Input material
>>

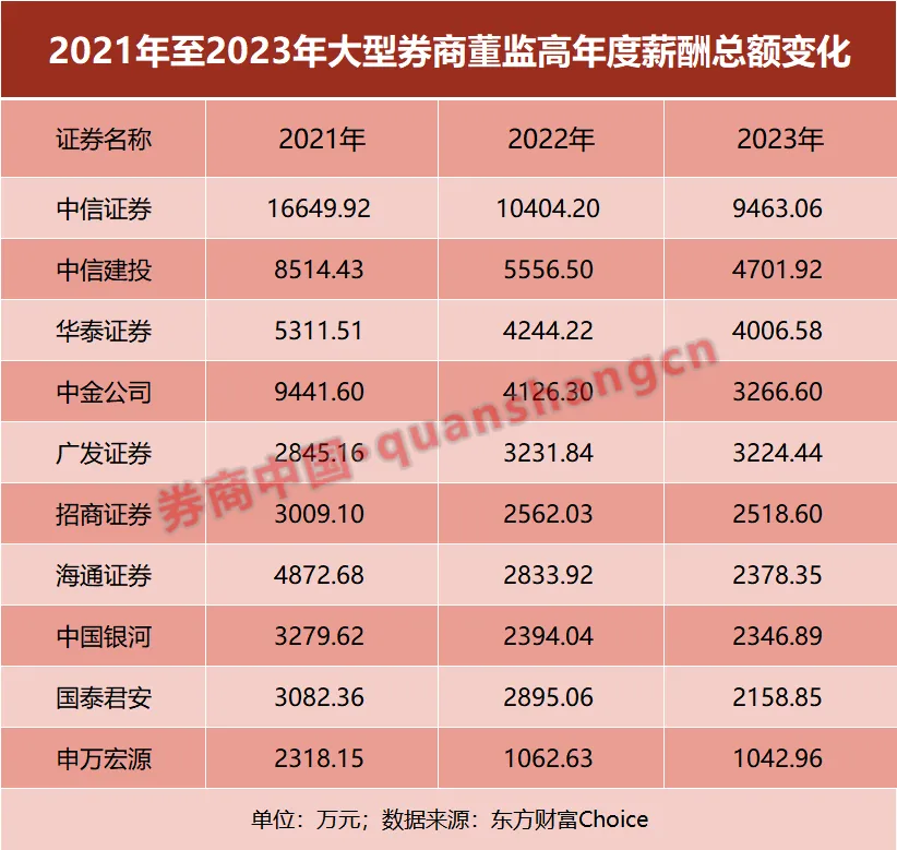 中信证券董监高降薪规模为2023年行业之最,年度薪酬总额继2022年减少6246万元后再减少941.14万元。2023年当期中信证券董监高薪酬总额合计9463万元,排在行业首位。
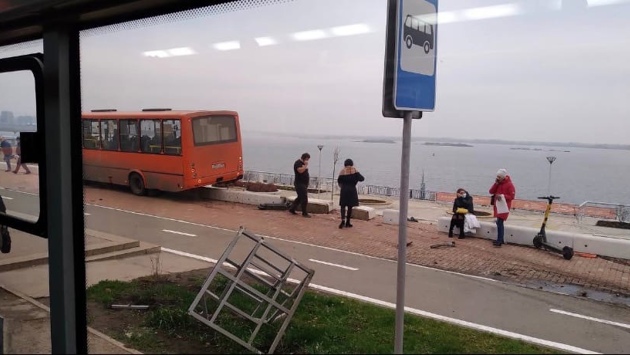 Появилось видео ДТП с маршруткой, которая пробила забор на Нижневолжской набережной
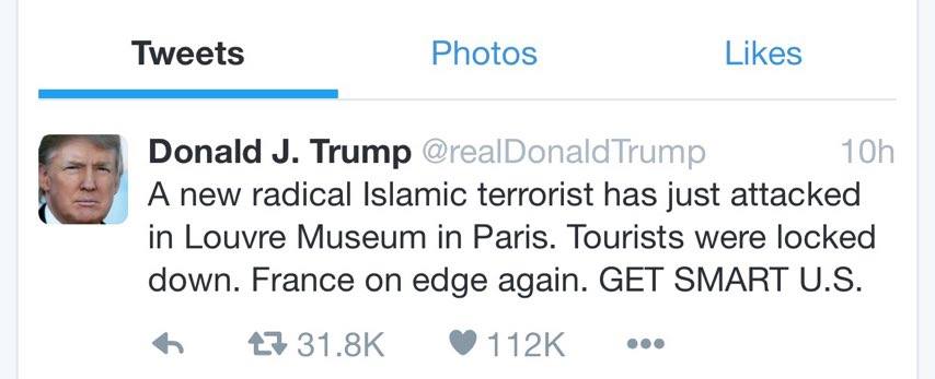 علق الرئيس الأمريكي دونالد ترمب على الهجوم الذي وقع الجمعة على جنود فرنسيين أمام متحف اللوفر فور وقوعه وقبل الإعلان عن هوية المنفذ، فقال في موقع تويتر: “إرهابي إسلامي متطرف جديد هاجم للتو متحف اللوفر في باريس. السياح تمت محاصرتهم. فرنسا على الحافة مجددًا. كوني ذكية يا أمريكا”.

<<
>>

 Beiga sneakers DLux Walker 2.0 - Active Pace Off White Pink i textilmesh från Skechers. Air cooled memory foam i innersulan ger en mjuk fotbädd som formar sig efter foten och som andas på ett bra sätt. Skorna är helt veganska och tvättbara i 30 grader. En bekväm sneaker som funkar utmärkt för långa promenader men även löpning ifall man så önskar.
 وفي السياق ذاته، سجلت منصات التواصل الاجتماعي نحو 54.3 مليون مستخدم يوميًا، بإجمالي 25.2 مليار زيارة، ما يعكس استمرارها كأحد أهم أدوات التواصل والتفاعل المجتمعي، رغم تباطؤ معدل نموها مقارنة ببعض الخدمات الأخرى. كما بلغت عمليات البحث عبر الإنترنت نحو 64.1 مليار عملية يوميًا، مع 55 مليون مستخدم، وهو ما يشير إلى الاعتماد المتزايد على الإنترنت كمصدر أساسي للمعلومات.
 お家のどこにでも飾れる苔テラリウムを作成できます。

<<
>>

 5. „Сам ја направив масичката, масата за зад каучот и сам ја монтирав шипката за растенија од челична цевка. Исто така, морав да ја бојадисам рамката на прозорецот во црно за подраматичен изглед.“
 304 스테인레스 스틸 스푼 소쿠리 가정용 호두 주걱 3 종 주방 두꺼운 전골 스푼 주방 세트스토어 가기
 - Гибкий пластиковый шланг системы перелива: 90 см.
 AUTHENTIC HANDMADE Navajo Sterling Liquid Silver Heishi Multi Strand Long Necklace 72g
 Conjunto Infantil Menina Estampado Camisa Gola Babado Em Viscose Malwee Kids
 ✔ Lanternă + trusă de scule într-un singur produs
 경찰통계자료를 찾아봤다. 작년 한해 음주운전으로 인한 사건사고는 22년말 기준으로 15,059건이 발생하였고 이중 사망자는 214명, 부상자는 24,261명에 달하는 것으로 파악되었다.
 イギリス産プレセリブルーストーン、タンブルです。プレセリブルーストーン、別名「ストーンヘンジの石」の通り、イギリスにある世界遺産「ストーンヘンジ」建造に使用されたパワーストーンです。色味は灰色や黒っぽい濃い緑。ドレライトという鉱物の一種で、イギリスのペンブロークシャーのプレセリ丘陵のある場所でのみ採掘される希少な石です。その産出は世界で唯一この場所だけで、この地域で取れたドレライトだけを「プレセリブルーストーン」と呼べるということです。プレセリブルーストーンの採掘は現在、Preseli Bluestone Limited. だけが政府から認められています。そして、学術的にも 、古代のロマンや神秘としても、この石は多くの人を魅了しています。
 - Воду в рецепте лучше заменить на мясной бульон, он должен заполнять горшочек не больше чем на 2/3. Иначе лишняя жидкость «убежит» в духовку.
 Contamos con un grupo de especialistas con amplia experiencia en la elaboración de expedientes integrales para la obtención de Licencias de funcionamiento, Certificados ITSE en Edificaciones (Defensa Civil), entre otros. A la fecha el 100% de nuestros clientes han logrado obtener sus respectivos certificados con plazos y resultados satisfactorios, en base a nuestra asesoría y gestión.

<<

Directions
Above are the records; please give again, exactly and in full, only the lines that run from the line with "Появилось видео ДТП" through the line with "علق الرئيس الأمريكي", with no pictures.

Exercise solution
 Появилось видео ДТП с маршруткой, которая пробила забор на Нижневолжской набережной
 علق الرئيس الأمريكي دونالد ترمب على الهجوم الذي وقع الجمعة على جنود فرنسيين أمام متحف اللوفر فور وقوعه وقبل الإعلان عن هوية المنفذ، فقال في موقع تويتر: “إرهابي إسلامي متطرف جديد هاجم للتو متحف اللوفر في باريس. السياح تمت محاصرتهم. فرنسا على الحافة مجددًا. كوني ذكية يا أمريكا”.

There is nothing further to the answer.